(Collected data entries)
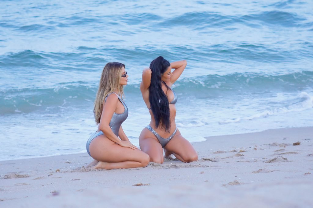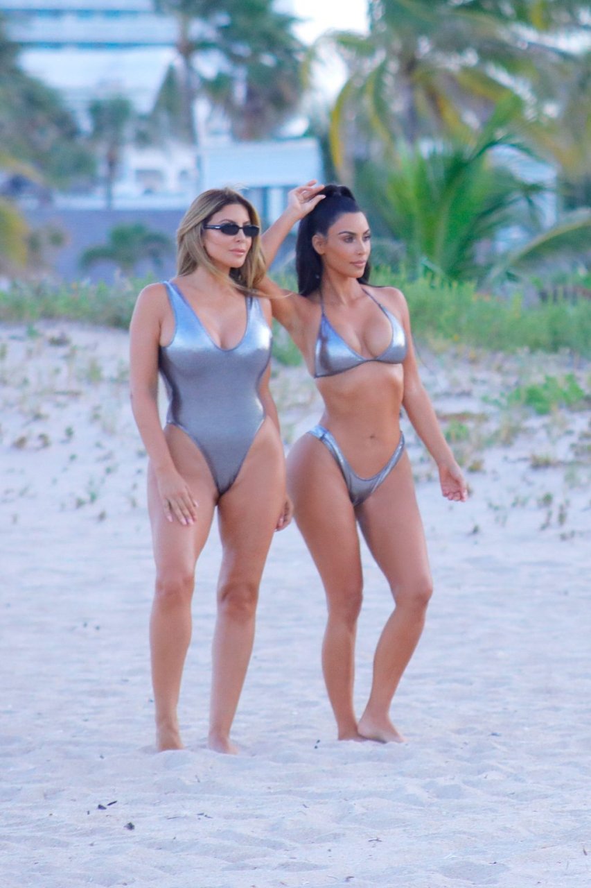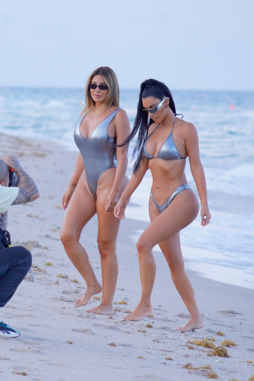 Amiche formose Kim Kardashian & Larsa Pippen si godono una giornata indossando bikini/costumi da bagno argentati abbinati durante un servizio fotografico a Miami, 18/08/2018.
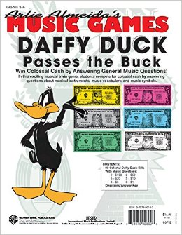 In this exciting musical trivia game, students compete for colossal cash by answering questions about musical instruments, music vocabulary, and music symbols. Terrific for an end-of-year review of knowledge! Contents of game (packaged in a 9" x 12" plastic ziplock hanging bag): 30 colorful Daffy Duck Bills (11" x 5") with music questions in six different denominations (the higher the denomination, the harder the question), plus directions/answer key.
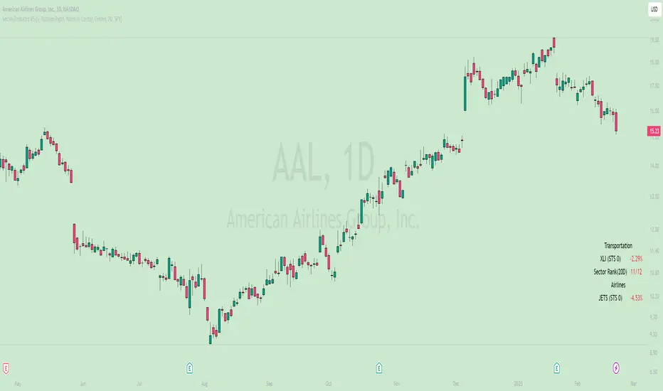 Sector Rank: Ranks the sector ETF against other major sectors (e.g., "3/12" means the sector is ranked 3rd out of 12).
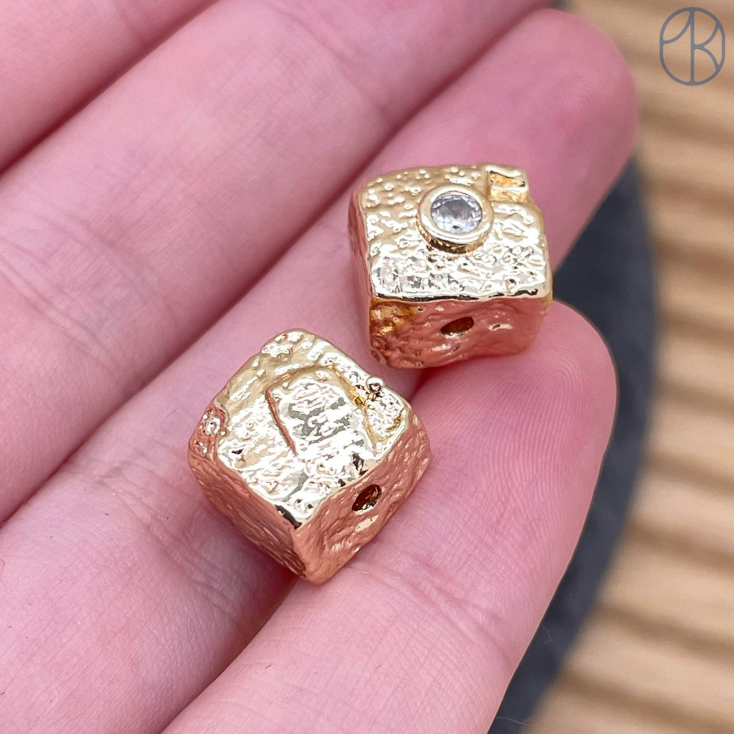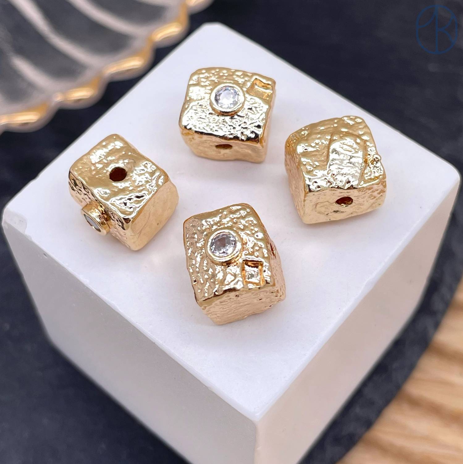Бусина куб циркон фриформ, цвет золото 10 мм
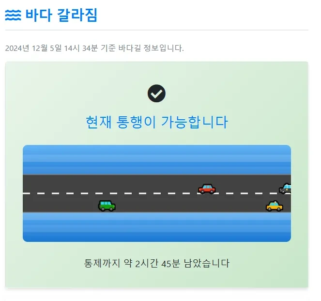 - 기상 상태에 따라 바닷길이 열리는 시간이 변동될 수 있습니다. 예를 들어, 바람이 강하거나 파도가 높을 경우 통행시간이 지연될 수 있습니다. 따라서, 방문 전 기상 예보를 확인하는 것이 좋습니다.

* **Exercise instructions**
Type out the entries again without a single change, and leave the pictures out.

* **Reply to the exercise**
 Amiche formose Kim Kardashian & Larsa Pippen si godono una giornata indossando bikini/costumi da bagno argentati abbinati durante un servizio fotografico a Miami, 18/08/2018.
 In this exciting musical trivia game, students compete for colossal cash by answering questions about musical instruments, music vocabulary, and music symbols. Terrific for an end-of-year review of knowledge! Contents of game (packaged in a 9" x 12" plastic ziplock hanging bag): 30 colorful Daffy Duck Bills (11" x 5") with music questions in six different denominations (the higher the denomination, the harder the question), plus directions/answer key.
 Sector Rank: Ranks the sector ETF against other major sectors (e.g., "3/12" means the sector is ranked 3rd out of 12).
Бусина куб циркон фриформ, цвет золото 10 мм
 - 기상 상태에 따라 바닷길이 열리는 시간이 변동될 수 있습니다. 예를 들어, 바람이 강하거나 파도가 높을 경우 통행시간이 지연될 수 있습니다. 따라서, 방문 전 기상 예보를 확인하는 것이 좋습니다.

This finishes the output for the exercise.